BEGIN RECORDS TO USE
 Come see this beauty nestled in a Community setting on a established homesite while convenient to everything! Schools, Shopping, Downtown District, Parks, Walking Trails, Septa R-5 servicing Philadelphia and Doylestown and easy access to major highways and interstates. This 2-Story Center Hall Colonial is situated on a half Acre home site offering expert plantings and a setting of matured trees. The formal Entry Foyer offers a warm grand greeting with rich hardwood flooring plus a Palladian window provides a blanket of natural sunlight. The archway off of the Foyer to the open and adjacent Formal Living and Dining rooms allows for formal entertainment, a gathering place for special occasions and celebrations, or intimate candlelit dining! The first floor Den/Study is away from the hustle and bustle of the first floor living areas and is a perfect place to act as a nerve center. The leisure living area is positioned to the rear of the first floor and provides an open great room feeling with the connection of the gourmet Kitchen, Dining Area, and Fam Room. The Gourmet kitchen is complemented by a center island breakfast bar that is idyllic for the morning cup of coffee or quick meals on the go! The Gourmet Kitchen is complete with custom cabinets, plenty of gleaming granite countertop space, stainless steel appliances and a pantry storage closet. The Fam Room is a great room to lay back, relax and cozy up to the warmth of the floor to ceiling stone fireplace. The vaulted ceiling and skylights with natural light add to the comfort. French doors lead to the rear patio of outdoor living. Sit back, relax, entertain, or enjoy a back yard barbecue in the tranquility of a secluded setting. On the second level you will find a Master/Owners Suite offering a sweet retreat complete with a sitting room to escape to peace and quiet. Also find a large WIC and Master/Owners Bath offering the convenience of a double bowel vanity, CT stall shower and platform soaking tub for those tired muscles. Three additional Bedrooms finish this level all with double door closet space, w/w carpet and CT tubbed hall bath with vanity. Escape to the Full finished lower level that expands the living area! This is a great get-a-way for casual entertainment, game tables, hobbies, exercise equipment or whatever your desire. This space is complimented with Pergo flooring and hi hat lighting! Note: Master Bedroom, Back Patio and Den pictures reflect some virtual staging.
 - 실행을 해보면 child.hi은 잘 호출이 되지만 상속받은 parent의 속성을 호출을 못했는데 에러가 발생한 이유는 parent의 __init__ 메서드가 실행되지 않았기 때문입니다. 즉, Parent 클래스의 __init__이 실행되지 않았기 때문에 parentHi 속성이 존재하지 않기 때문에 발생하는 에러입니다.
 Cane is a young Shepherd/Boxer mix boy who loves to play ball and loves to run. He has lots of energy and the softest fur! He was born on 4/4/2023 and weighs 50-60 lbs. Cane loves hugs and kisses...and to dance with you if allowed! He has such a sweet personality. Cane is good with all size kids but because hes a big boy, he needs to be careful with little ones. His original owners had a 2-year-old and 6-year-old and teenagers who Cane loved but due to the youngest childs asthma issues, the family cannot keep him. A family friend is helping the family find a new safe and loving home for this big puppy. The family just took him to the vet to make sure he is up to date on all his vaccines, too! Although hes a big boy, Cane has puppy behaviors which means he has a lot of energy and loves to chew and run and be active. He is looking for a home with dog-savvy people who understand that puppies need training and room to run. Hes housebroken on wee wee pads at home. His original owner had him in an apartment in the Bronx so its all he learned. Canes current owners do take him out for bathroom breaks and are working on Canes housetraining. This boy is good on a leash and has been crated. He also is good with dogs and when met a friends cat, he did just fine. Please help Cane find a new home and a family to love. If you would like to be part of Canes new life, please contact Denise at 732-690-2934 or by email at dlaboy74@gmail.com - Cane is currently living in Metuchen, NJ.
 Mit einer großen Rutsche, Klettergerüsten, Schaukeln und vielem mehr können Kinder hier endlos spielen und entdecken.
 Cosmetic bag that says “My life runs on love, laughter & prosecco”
END RECORDS TO USE
BEGIN RECORDS TO USE
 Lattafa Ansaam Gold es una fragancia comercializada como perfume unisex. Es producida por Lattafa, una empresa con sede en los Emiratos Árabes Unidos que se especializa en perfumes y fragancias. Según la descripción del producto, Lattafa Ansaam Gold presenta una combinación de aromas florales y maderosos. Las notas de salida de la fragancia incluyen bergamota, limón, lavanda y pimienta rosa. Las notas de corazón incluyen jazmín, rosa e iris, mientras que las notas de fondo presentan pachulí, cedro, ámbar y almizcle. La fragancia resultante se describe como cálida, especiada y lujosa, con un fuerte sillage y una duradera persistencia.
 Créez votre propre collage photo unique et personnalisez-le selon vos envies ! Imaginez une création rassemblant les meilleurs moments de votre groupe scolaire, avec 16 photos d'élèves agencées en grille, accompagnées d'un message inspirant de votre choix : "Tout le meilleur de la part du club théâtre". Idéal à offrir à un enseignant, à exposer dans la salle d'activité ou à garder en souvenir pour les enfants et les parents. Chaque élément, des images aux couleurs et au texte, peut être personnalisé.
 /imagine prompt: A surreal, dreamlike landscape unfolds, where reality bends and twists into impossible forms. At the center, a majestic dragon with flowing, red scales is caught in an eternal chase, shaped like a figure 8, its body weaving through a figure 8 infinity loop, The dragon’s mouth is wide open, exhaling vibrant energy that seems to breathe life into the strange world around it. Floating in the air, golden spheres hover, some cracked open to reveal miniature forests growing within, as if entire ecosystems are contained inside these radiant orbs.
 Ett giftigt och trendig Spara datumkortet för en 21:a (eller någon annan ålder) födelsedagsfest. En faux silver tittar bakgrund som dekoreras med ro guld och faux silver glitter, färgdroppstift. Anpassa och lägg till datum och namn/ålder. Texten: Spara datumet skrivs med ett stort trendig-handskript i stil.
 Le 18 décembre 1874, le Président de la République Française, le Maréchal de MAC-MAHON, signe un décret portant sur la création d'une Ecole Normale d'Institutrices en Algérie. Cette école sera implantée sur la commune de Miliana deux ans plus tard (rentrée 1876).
END RECORDS TO USE
List each line of the records that holds the string "création".

§ **TASK RESULT**
 Créez votre propre collage photo unique et personnalisez-le selon vos envies ! Imaginez une création rassemblant les meilleurs moments de votre groupe scolaire, avec 16 photos d'élèves agencées en grille, accompagnées d'un message inspirant de votre choix : "Tout le meilleur de la part du club théâtre". Idéal à offrir à un enseignant, à exposer dans la salle d'activité ou à garder en souvenir pour les enfants et les parents. Chaque élément, des images aux couleurs et au texte, peut être personnalisé.
 Le 18 décembre 1874, le Président de la République Française, le Maréchal de MAC-MAHON, signe un décret portant sur la création d'une Ecole Normale d'Institutrices en Algérie. Cette école sera implantée sur la commune de Miliana deux ans plus tard (rentrée 1876).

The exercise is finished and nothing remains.